Work instruction: Transcribe nothing except the lines below that run from the one with "Letras de corcho" to the one with "SUNEE Composition Notebook, Wide", ends included, and do not copy any picture.

Task data:

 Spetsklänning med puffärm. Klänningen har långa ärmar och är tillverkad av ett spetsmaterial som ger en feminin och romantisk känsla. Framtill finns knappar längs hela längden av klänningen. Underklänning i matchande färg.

---

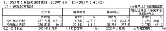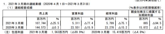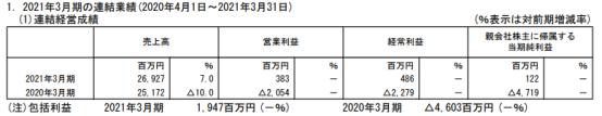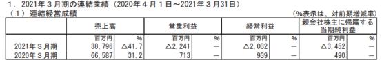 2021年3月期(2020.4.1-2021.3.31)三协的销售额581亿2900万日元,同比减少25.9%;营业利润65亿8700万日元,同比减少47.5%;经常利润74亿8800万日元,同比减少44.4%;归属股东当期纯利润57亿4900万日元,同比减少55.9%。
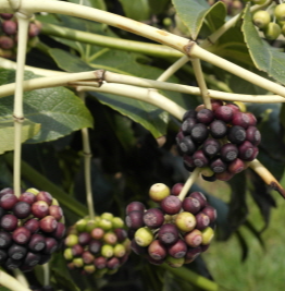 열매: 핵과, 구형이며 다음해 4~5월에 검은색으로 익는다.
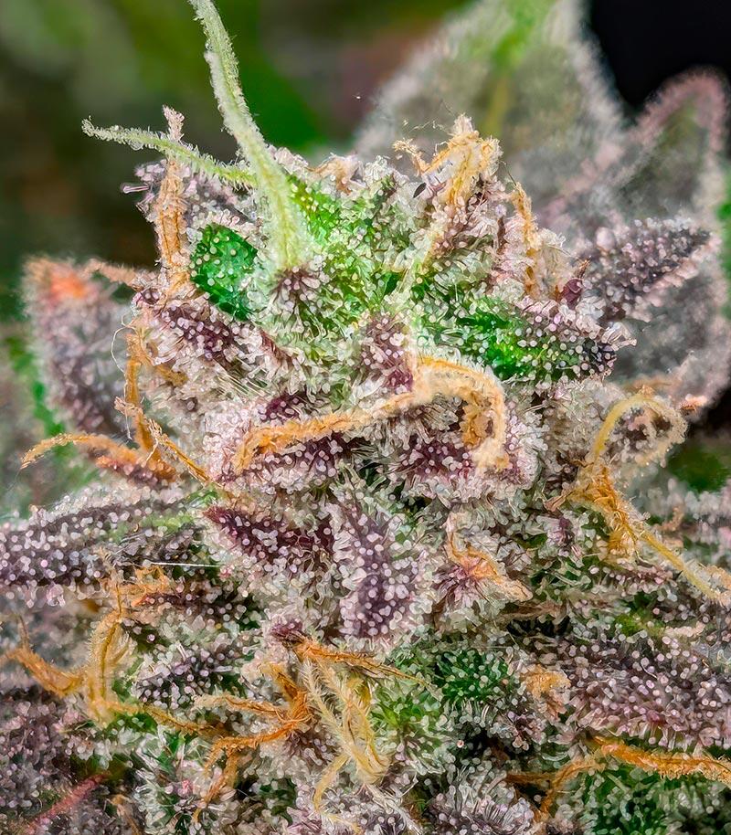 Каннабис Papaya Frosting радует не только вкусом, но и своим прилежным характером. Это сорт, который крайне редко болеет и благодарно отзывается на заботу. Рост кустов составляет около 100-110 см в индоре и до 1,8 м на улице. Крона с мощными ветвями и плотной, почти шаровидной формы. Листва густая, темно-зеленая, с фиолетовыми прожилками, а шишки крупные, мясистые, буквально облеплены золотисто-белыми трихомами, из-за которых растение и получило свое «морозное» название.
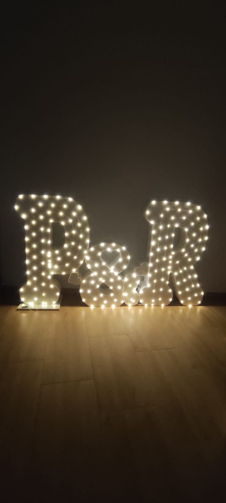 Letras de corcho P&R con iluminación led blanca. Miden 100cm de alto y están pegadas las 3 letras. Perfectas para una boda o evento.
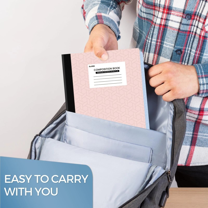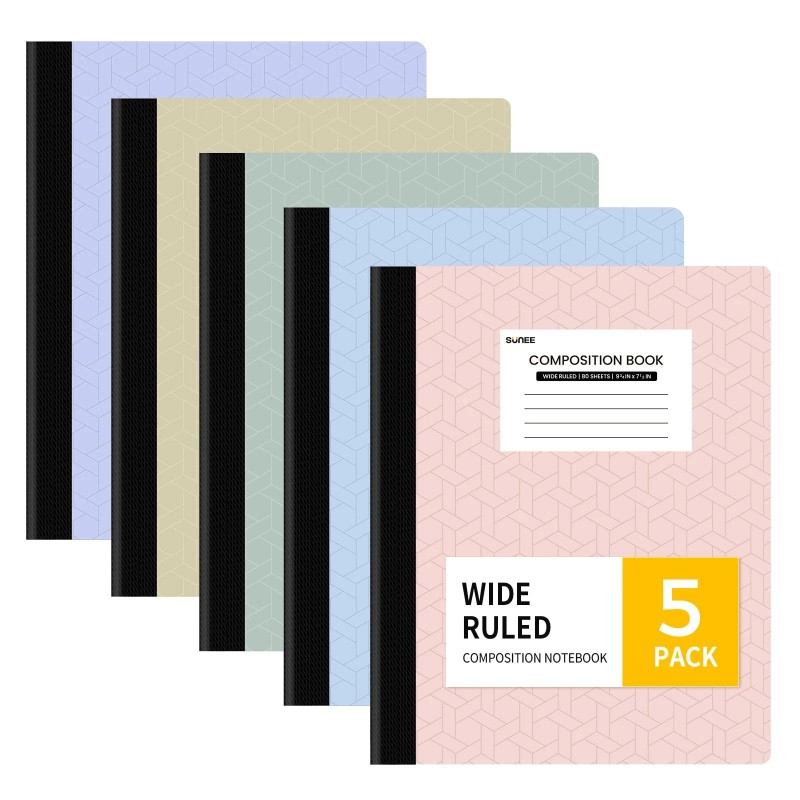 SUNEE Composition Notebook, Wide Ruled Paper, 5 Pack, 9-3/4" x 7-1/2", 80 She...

Result below:
 Letras de corcho P&R con iluminación led blanca. Miden 100cm de alto y están pegadas las 3 letras. Perfectas para una boda o evento.
 SUNEE Composition Notebook, Wide Ruled Paper, 5 Pack, 9-3/4" x 7-1/2", 80 She...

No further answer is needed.